Today after Mass, I went into the church hall to have a cup of tea and to talk to our organist Brenda. I showed her a book I was reading, The Inklings by Humphrey Carpenter, (I have read it before, but I like to read interesting books again, this will be the third or fourth reading I think) and she seemed interested, particularly in the list of signatures in the front of the book after a Ham Feast they all had in 1948. Among the signatories were, of course, J.R.R Tolkien, Christopher Tolkien, C.S Lewis, Lord David Cecil etc; Charles Williams was dead by 1948, so he is obviously not on the list. The Inklings was an informal literary ''society,'' a group of mature and intelligent men who met on occasion, in the pub (The Eagle and Child) or in Lewis' halls at Magdalen. They would discuss various fascinating topics (hardly anything contemporary) such as English literature, history, art, music, theology, apologetics, not seldom the works of eachother. Tolkien read many chapters of his ''new Hobbit'' (The Lord of the Rings) out to them in manuscript - but was often put off by the snorting of Hugo Dyson, who one day blurted out ''Oh not another sodding Fairy!'' All these meetings entailed a lot of beer and smoking (not so much during the War years, for obvious reasons). None of them were vegetarians, they were all politically and theologically conservative (they were mostly either Catholic or High Church Anglican), they were a fascinating group.

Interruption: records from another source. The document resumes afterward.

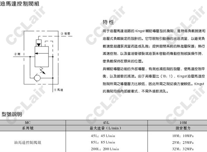 MC-45L-10M,MC-85L-10M,MC-200L-10M,MC-45L-25M,MC-85L-25M,MC-200L-25M,MC-45L-32M,油馬達控制閥組
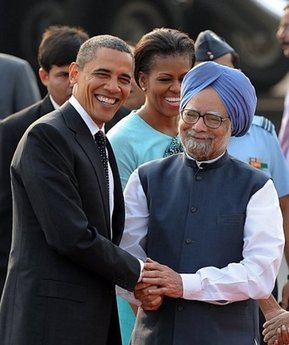 7日,奧巴馬抵達印度首都新德里,晚上在總理官邸與印度總理辛格進行了私人晚宴。
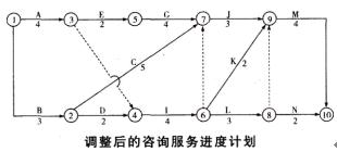 由于A、I、J工作均为现场考察,项目组织安排甲专业咨询工程师按A—I—J顺序通过实地考察完成,并相应调整了咨询服务进度计划。
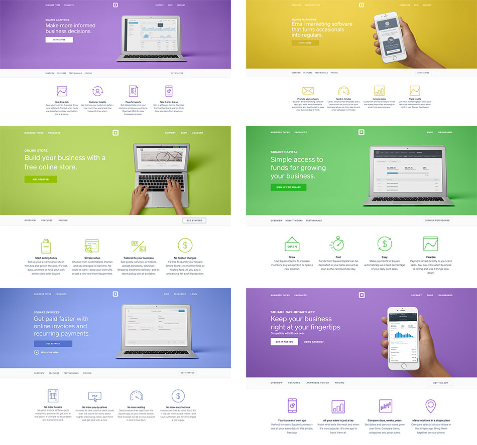 | Marketing Website We carried the look and feel of the campaign over to our home page, and then applied the same art direction to each of our product pages. Products were assigned a color which was applied to the hero image and the iconography on the page. Click any header to see a higher resolution view of that page. It's likely that I wrote each one, though I'm not entirely sure anymore. |

The subject of ''societies'' (in the formal sense) came up during our chat today. I am not a member of any society (anymore), not even a Library (although I still carry two library cards, I only use the University Library) or any ''movement.'' I was for a while a member of The National Autistic Society, but failed to renew my membership this year because I do not believe in the senseless appraisal of Autism as something inherently good itself; certainly autistic children and adults have extraordinary abilities, but these are at the expense of other fundamentally important human qualities. Some autistic people are unable even to communicate. Now, certainly raising ''awareness'' about the needs of autistic children is a good and charitable thing, but they are still incurably disabled.

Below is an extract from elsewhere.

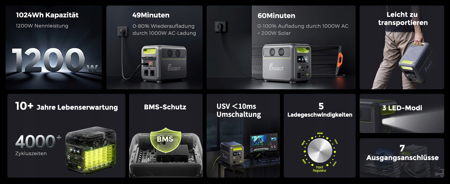 Fossibot přenosná elektrárna1200W 1024Wh F1200 POWER station

I had once thought about joining The Latin Mass Society, but failed to do so because they officially champion the 1962 Liturgical books, and I can buy their magazine anyway. I understand that many current members joined years ago when the magazine wasn't readily available. I am not interested in the ''Faith Movement'' as I am not that interested in Science. Plus, I believe that the Genesis Creation story portrays an accurate theological picture of what actually happened. The complex business of ''days'' and there having been no light before the Sun and Moon etc may present logical difficulties, but who can fathom the immensity of Creation anyway, or who can tell the counsels of God that He has not revealed? I do not believe that human beings (created ''Good'' - in the profound theological sense - by God) ''evolved'' from an ''inferior'' state; and I do not believe that God would ''conceal'' something (behind a veil of allegory or whatever) so fundamentally important as the origin of the World and of Men. I think that the Genesis Creation story is treated somewhat unfairly by people today, very often sincere Christians, almost as unfashionable or out-of-date curtains or wall-paper!
I am also not a member of The Tolkien Society, since I do not approve of it.

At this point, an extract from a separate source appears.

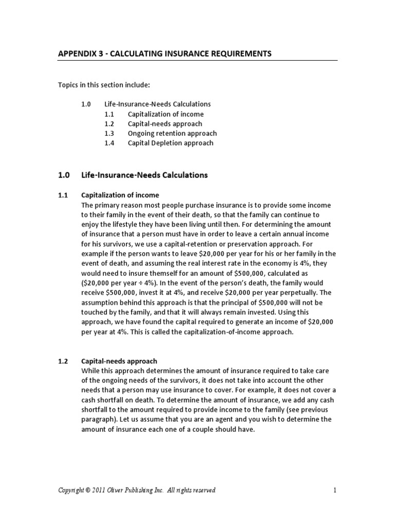 While this approach determines the amount of insurance required to take care

Am I too ''negative'' or disparaging about societies? I would join something like a ''Latin'' society of some sort, or a Dante society (Tolkien and C.S Lewis were in fact members of the Oxford Dante Society) or an informal Tolkien society (so long as the readers were all Catholic) but they would have to be small and informal for me to be interested. But as Brenda reminded me, I am in fact already a member of a supreme society, and the best of them all - the Catholic Church!
The above photo depicts The Eagle and Child (or ''Bird & Baby'' as it was almost exclusively called) where the Inklings would meet on Thursdays. I wanted to go there when I was in Oxford a few months ago, but I wasn't sure exactly where it was at the time, or how to get there; plus Jonathan wasn't sure whether it would still be a decent pub! It would have been for Tolkien to drink there though, at least 60 years ago.